Riker turned to the young man at his side, an on-call pathologist, who hoarded words as if they might be worth money, and whose name he had not bothered to remember. The pencil-line moustache alone had earned the detective’s contempt. “Is there
anything
you can tell me?”

“Rigor passed off.” The doctor lifted the corpse’s left hand and let it fall. “But this is secondary laxity. The victim didn’t die tonight,” he said, telling the detective nothing that he had not already guessed the moment he saw the body—
smelled
the body.

“Great,” said Riker, “just
great
.” He elbowed the boy pathologist out of the way, and then leaned down to peel back the dead man’s coat—a
nice
coat,
lots
of money. He freed the arms from the sleeves, and leaned the torso forward. Raising the shirttail high, he could see dark stains on the shoulder blades where contact was made with the ground and gravity had pooled the blood. He knelt down to lift one of the victim’s pant legs and found more stain on the calf muscle. “And now we know the guy was laid out flat after death.” Some winters they would find the bodies of street people dead of exposure, but those corpses were almost always curled on their sides, different blood pools. He rolled the shirtsleeves up past the dead man’s elbows. “Okay, we got old track marks from a needle, but no new punctures. Good to know.” And the detective left the on-call pathologist as he had found him, a man with nothing useful to do.

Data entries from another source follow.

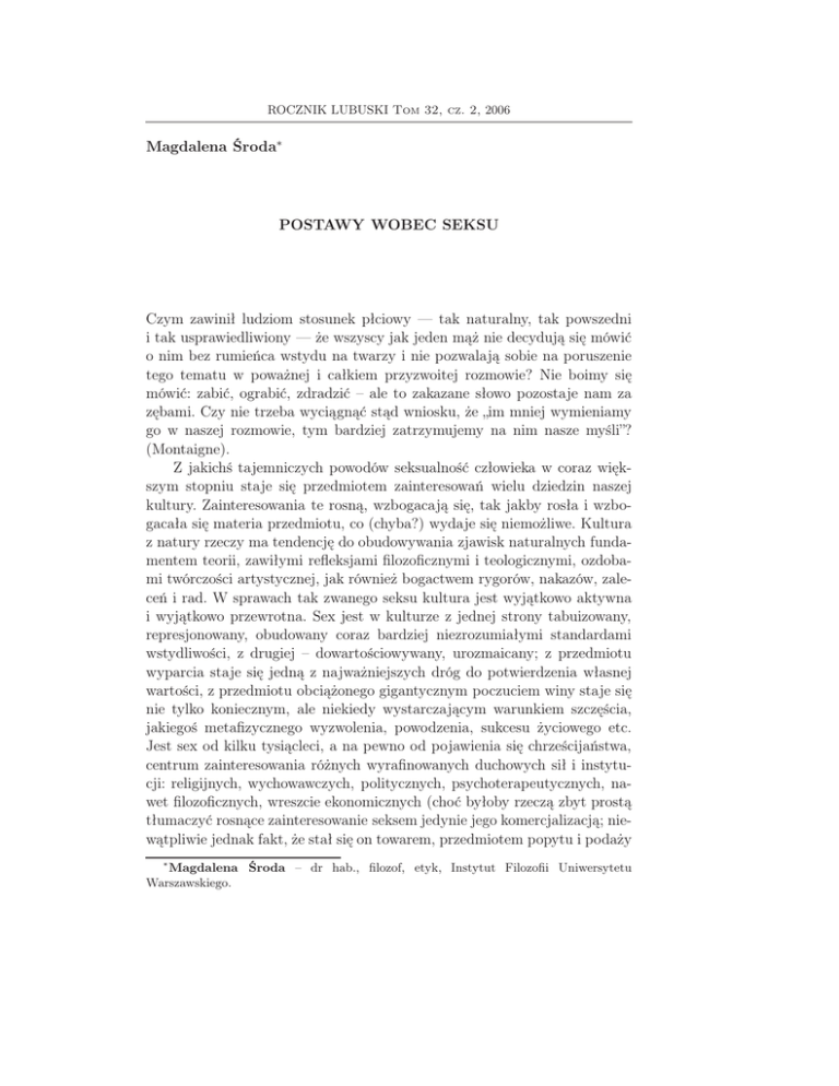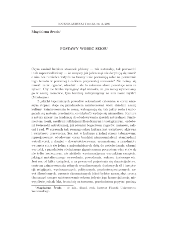 ROCZNIK LUBUSKI Tom 32, cz. 2, 2006 Magdalena Środa∗ POSTAWY WOBEC SEKSU Czym zawinił ludziom stosunek płciowy — tak naturalny, tak powszedni i tak usprawiedliwiony — że wszyscy jak jeden mąż nie decydują się mówić o nim bez rumieńca wstydu na twarzy i nie pozwalają sobie na poruszenie tego tematu w poważnej i całkiem przyzwoitej rozmowie? Nie boimy się mówić: zabić, ograbić, zdradzić – ale to zakazane słowo pozostaje nam za zębami. Czy nie trzeba wyciągnąć stąd wniosku, że „im mniej wymieniamy go w naszej rozmowie, tym bardziej zatrzymujemy na nim nasze myśli”? (Montaigne). Z jakichś tajemniczych powodów seksualność człowieka w coraz większym stopniu staje się przedmiotem zainteresowań wielu dziedzin naszej kultury. Zainteresowania te rosną, wzbogacają się, tak jakby rosła i wzbogacała się materia przedmiotu, co (chyba?) wydaje się niemożliwe. Kultura z natury rzeczy ma tendencję do obudowywania zjawisk naturalnych fundamentem teorii, zawiłymi refleksjami filozoficznymi i teologicznymi, ozdobami twórczości artystycznej, jak również bogactwem rygorów, nakazów, zaleceń i rad. W sprawach tak zwanego seksu kultura jest wyjątkowo aktywna i wyjątkowo przewrotna. Sex jest w kulturze z jednej strony tabuizowany, represjonowany, obudowany coraz bardziej niezrozumiałymi standardami wstydliwości, z drugiej – dowartościowywany, urozmaicany; z przedmiotu wyparcia staje się jedną z najważniejszych dróg do potwierdzenia własnej wartości, z przedmiotu obciążonego gigantycznym poczuciem winy staje się nie tylko koniecznym, ale niekiedy wystarczającym warunkiem szczęścia, jakiegoś metafizycznego wyzwolenia, powodzenia, sukcesu życiowego etc. Jest sex od kilku tysiącleci, a na pewno od pojawienia się chrześcijaństwa, centrum zainteresowania różnych wyrafinowanych duchowych sił i instytucji: religijnych, wychowawczych, politycznych, psychoterapeutycznych, nawet filozoficznych, wreszcie ekonomicznych (choć byłoby rzeczą zbyt prostą tłumaczyć rosnące zainteresowanie seksem jedynie jego komercjalizacją; niewątpliwie jednak fakt, że stał się on towarem, przedmiotem popytu i podaży ∗ Magdalena Środa – dr hab., filozof, etyk, Instytut Filozofii Uniwersytetu Warszawskiego. 62 Magdalena ŚRODA i że wiąże się on z rozwijającym przemysłem jest również znaczący dla jego popularności, w znacznie większym stopniu niż — jak sądzę — ludzkie potrzeby w tej dziedzinie). Seksualność jest więc potrzebą, cechą, umiejętnością, zasługą, produktem, marzeniem, wartością, wreszcie grzechem, cierpieniem, winą (a nawet chyba elementem jakichś dziwacznych ontologii). W Polsce temat to szczególny. Jego szczególność polega na tym, że jest on prawie zupełnie wypychany poza obręb racjonalnego namysłu. I gdy świat (na przykład w osobie wielce popularnego filozofa M. Faucault) mówi o erotyzacji kultury w najgłębszym sensie tego słowa, w Polsce można raczej mówić o nasileniu represji antyseksualnych i to o tyle przykrym, że bezbarwnym i bezmyślnym (gdzież im bowiem do ciekawych form represji średniowiecznych czy ideologicznego seksualnego rygoryzmu czasów Robespierre’a). Hasło rodzimej represywności brzmi banalnie, choć agresywnie: poświęcić rzetelną wiedzę dla rzekomej cnoty. Nie po raz pierwszy stawiam pytanie, dlaczego wśród tak bardzo różnorodnego zła tkwiącego w otaczającej nas rzeczywistości, wśród cierpień, nieszczęść, wojen, biedy, braku uczciwości, wśród nadmiaru przemocy, agresji, głupoty, fanatyzmu, nietolerancji, pogardy, etc. właśnie seksualność stanowi szczególny temat zainteresowania kleru i zarazem temat aktywizujący fascynację i jakąś formę nienawiści. Dlaczego – co widoczne było na niedawnej konferencji demograficznej w Kairze i obecnej w Pekinie – państwo Watykan, a więc państwo o zerowym przyroście naturalnym, ma tak wiele do powiedzenia w sprawach płci, kobiet, rodziny, macierzyństwa i demografii w ogólności? Odpowiedzi jest, rzecz jasna, kilka. Pierwsza to odpowiedź teologiczna. Wskazuje ona na mit grzechu pierworodnego. „Byli nadzy, a nie wstydzili się”. Nie dlatego – interpretuje św. Augustyn – „iż nie znali swojej nagości, lecz dlatego, że nagość nie była jeszcze nieprzyzwoita, lubieżność nie pobudzała jeszcze owych członków wbrew ludzkiej woli. [. . . ] Kiedy łaskę utracili, wówczas, aby nieposłuszeństwo ich odwzajemnione było odpowiednią karą, w odruchach ciała ich zjawiło się coś nowego a wszetecznego, co uczyniło nagość nieprzystojną”. „Nie ma grzechu, który by tak nie podobał się Jezusowi Chrystusowi jak grzech ciała”, „ten występek sprawia najwięcej przyjemności diabłu albowiem jest to najbardziej powabny i najskuteczniejszy początek”. Odpowiedź drugą dają feministki. U źródeł rygoryzmu chrześcijańskiego wobec seksu stoi obsesyjny antyfemiznizm. Dzieje chrześcijaństwa to, z pewnego punktu widzenia, dzieje rosnącej dominacji mężczyzn, patriarchalizacji kultury i, zarazem, dzieje uwsteczniania się pozycji kobiety (np. wobec roli jaką pełniła ona w Rzymie). Z reguły wymagania moralne wobec POSTAWY WOBEC SEKSU 63 kobiet były znacznie większe niż wobec mężczyzn. Znacznie większej kontroli poddawana była i obyczajność, i seksualność kobieca. Kobieta jest bowiem uważana za istotę słabą, gorszą, podporządkowaną mężczyźnie, nastawioną na zaspokojenie zmysłowe, zdradliwą. Z nieufności i pogardy do kobiety wynikał nakaz trzymania jej w stanie podległości. Pierre de la Fonta, średniowieczny kaznodzieja, komentując wesele w Kanie Galilejskiej, pisze: „Nie bez racji wydało się apostołom czymś zbyt uciążliwym i przykrym trzymać przy sobie niewiastę. . . pełną rozwiązłości i przywar; żywić w swym domu tego nieprzyjaciela spokoju domowego. . . , cierpieć popędliwości, dziwactwa lub szale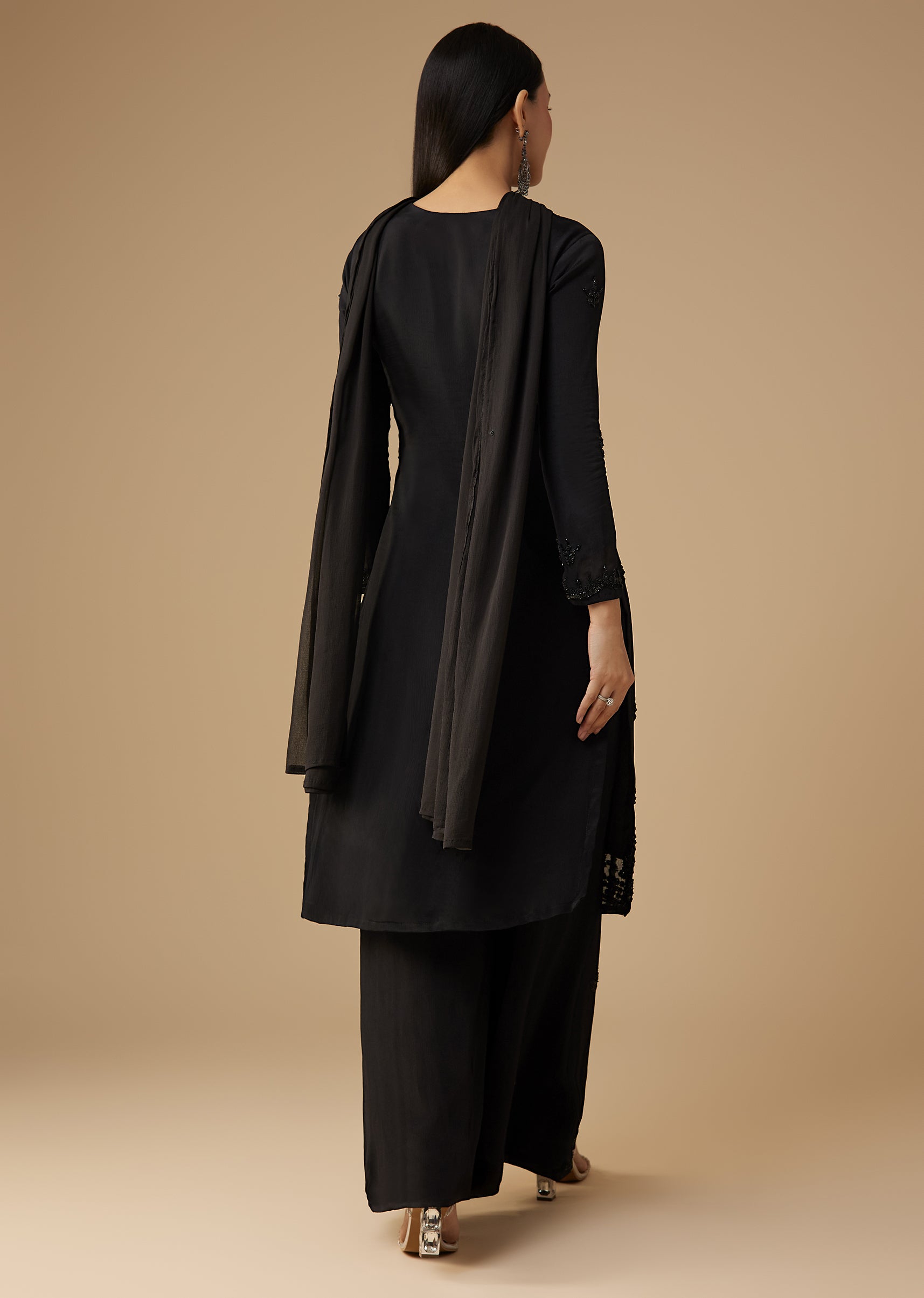 Make a refined statement with this black chinnon kurta set, embellished with moti, sequin, and cutdana work that adds a rich festive shimmer. The soft chinnon fabric offers a graceful... More Product Details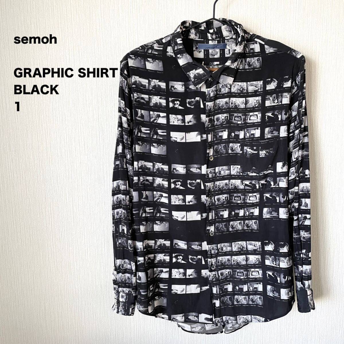 > 【semoh】セモー グラフィックシャツ 長袖 植村幸コラボ 総柄 モード ロック フォトプリント 匿名配送 メンズ 黒 ブラック 1
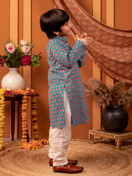 Boys Kurta Pyjama Printed Set in Cotton - Blue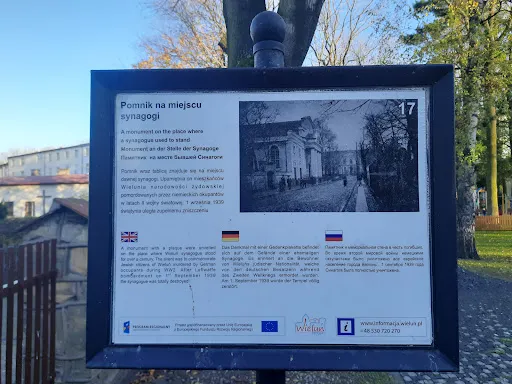 > Tablica pamiątkowa w miejscu dawnej synagogi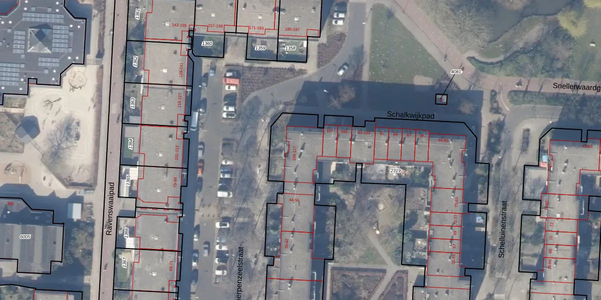 Het perceel waarop Schalkwijkpad 115 staat heeft een oppervlakte van 5037 m². Dit is een zeer groot perceel. De perceeloppervlakte wordt geregistreerd door het Kadaster. Gedetailleerde informatie over de maten van dit perceel kunt u vinden in het rapport Kadastrale kaart met maatvoering van Schalkwijkpad 115.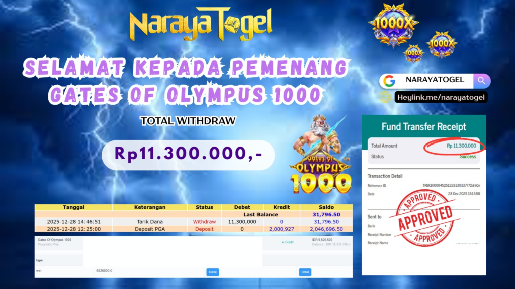 Selamat kepada User id LOP*** Telah berhasil mendapatkan kemenangan besar pada permainan GATES OF OLYMPUS 1000 Dengan kemenangan Sebesar Rp11.300.000 Setelah mengisi formulir withdraw dengan kurang waktu hanya 1 – 10 menit pihak NARAYATOGEL sudah melakukan transfer kepada pemiliknya dan dana sudah masuk ke rekening id tersebut oleh pemenang. Bukti pembayaran yang kami berikan merupakan bukti pembayaran yang SAH / VALID yang langsung di dapatkan melalui tanda transfer transaksi berhasil dari Bank yang di tuju.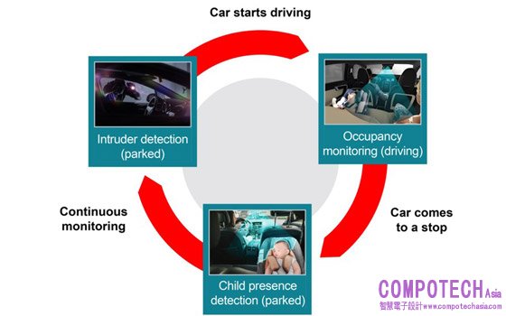為了因應最新設計趨勢和法規要求,OEM 正著重於三個主要的車艙內感測應用:用於安全帶提醒的占用監控、存在偵測 (特別是車內兒童偵測) 和入侵偵測。這些感測應用對於乘員在整個駕駛過程中的安全極為重要,如 图 1 所示。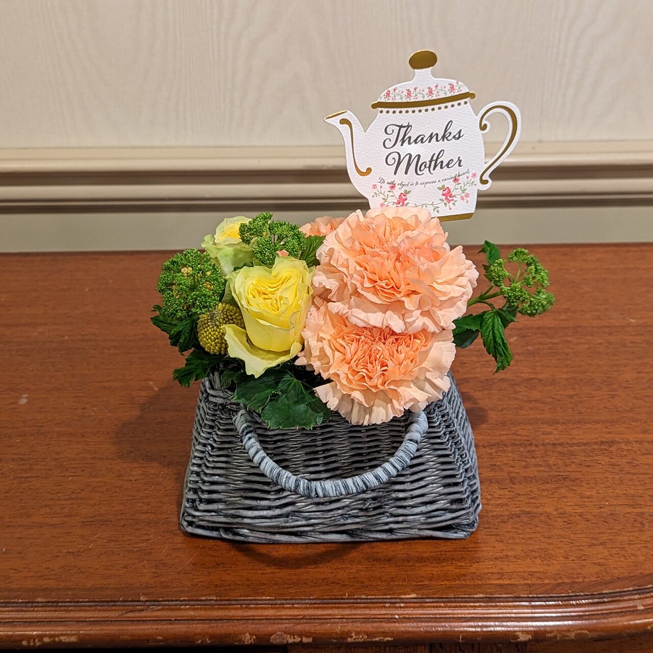 【Mother's day】カゴのアレンジメント(オレンジ)

Riker strolled down the aisle, passing the line of people waiting to view the corpse. Joining his partner near the stage, he said, “I figure the guy’s been dead at least two days.”

Mallory resumed her conversation with the head usher. “And you can’t remember a
dead
man handing you a ticket at the door?”

Tough one. The usher scratched his head.

“The smelly man,” said Riker.

And now the usher smiled. “Oh, yeah—the guy in the wheelchair. His nurse gave me the tickets. Hers was standing room, his was handicap seating. That means we park ’em in the aisle. He wore a baseball cap, so I never saw his face. I told the nurse to wheel him down front. She said no, he wanted to sit in the back. Well, nobody
asks
for a bad seat.” The usher looked toward the last row, where the ME’s team obscured the body. “So . . . is he wearing a—”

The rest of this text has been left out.